Data:

* * *

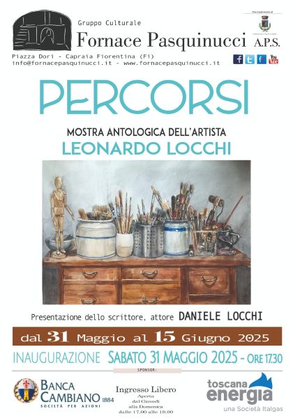 Sabato 31 Maggio 2025 alle ore 17,30, il Gruppo culturale Fornace Pasquinucci, presso la sede di Capraia Fiorentina Fi, Piazza R. Dori, inaugurerà la mostra antologica dell’artista Leonardo Locchi.
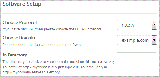 Choose Protocol: You can leave this as it is.Choose Domain: If you don't have multiple domains, leave this as it is.In Directory: If you want to install this in a directory, for example example.com/directory, enter the directory name. Otherwise, leave this blank to install in your main domain example.com
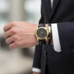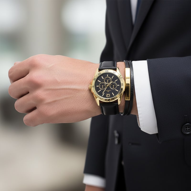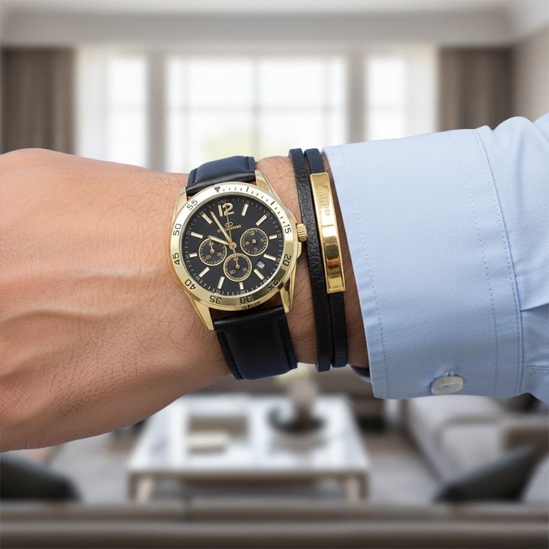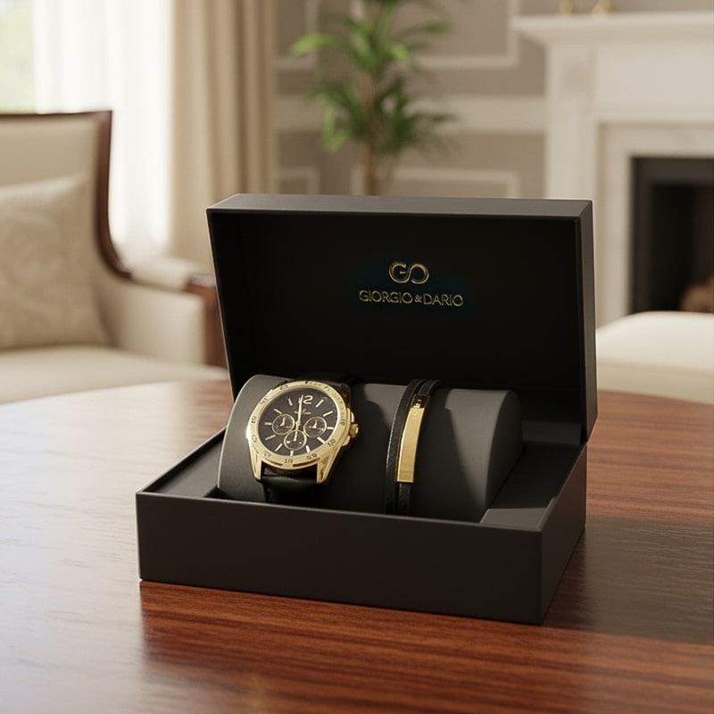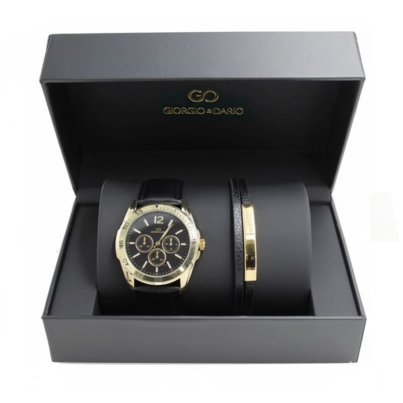 Това е изискан подаръчен комплект за модерния мъж с вкус към класиката. Включва стилен часовник с черен циферблат и златист корпус, съчетан с кожена каишка и метална гривна със златни акценти. Всичко е поднесено в елегантна кутия – перфектен избор за подарък.
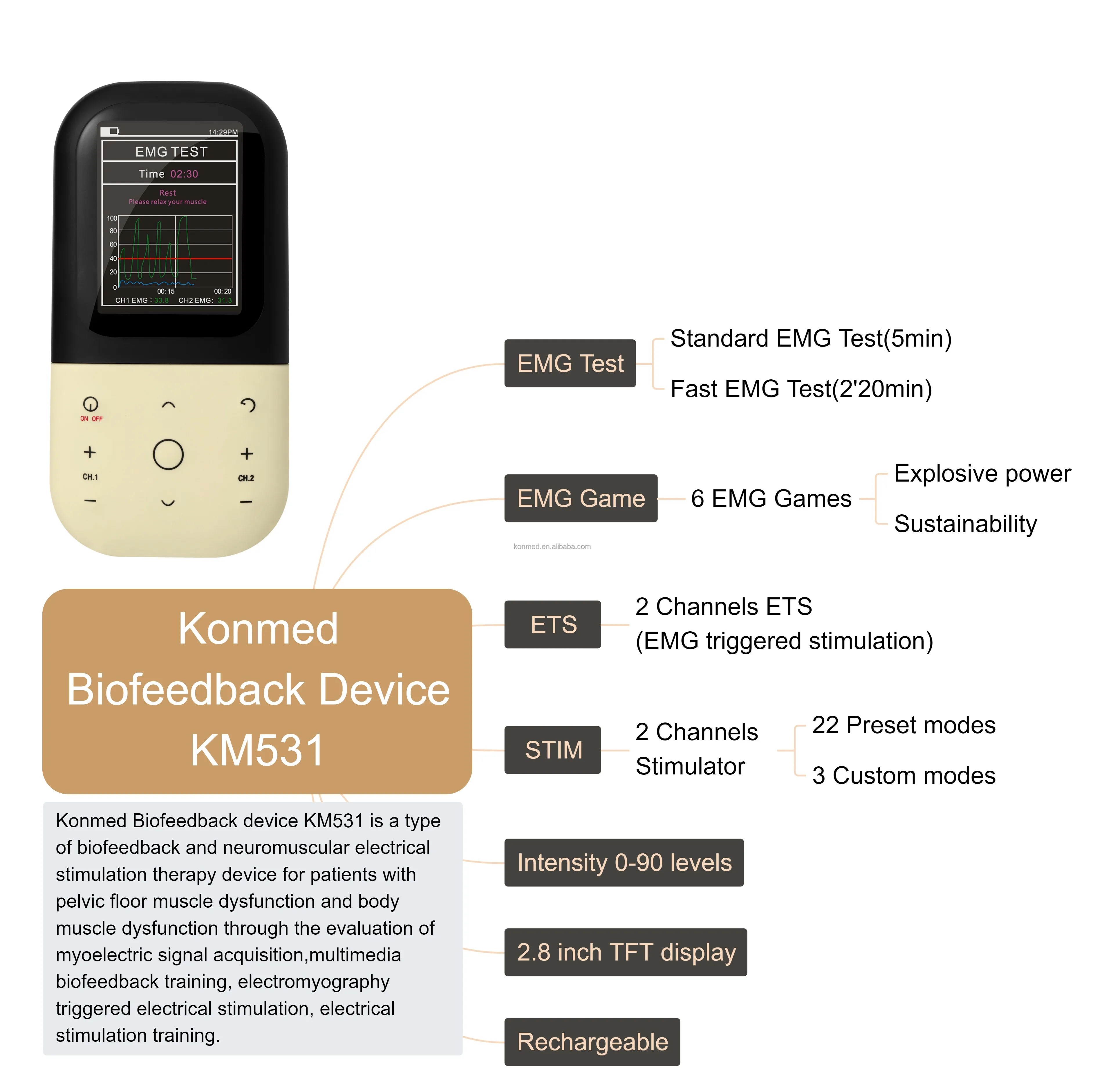 JYTOPMED Biofeedback device KM531 is a type of biofeedback and neuromuscular electrical stimulation therapy device for patients with pelvic floor muscle dysfunction and body muscle dysfunction through the evaluation of myoelectric signal acquisition, multimedia biofeedback training, electromyography triggered electrical stimulation, electrical stimulation training.

* * *

What to produce: Go through the material and set it down again exactly, but without any pictures.

Result:
 Sabato 31 Maggio 2025 alle ore 17,30, il Gruppo culturale Fornace Pasquinucci, presso la sede di Capraia Fiorentina Fi, Piazza R. Dori, inaugurerà la mostra antologica dell’artista Leonardo Locchi.
 Choose Protocol: You can leave this as it is.Choose Domain: If you don't have multiple domains, leave this as it is.In Directory: If you want to install this in a directory, for example example.com/directory, enter the directory name. Otherwise, leave this blank to install in your main domain example.com
 Това е изискан подаръчен комплект за модерния мъж с вкус към класиката. Включва стилен часовник с черен циферблат и златист корпус, съчетан с кожена каишка и метална гривна със златни акценти. Всичко е поднесено в елегантна кутия – перфектен избор за подарък.
 JYTOPMED Biofeedback device KM531 is a type of biofeedback and neuromuscular electrical stimulation therapy device for patients with pelvic floor muscle dysfunction and body muscle dysfunction through the evaluation of myoelectric signal acquisition, multimedia biofeedback training, electromyography triggered electrical stimulation, electrical stimulation training.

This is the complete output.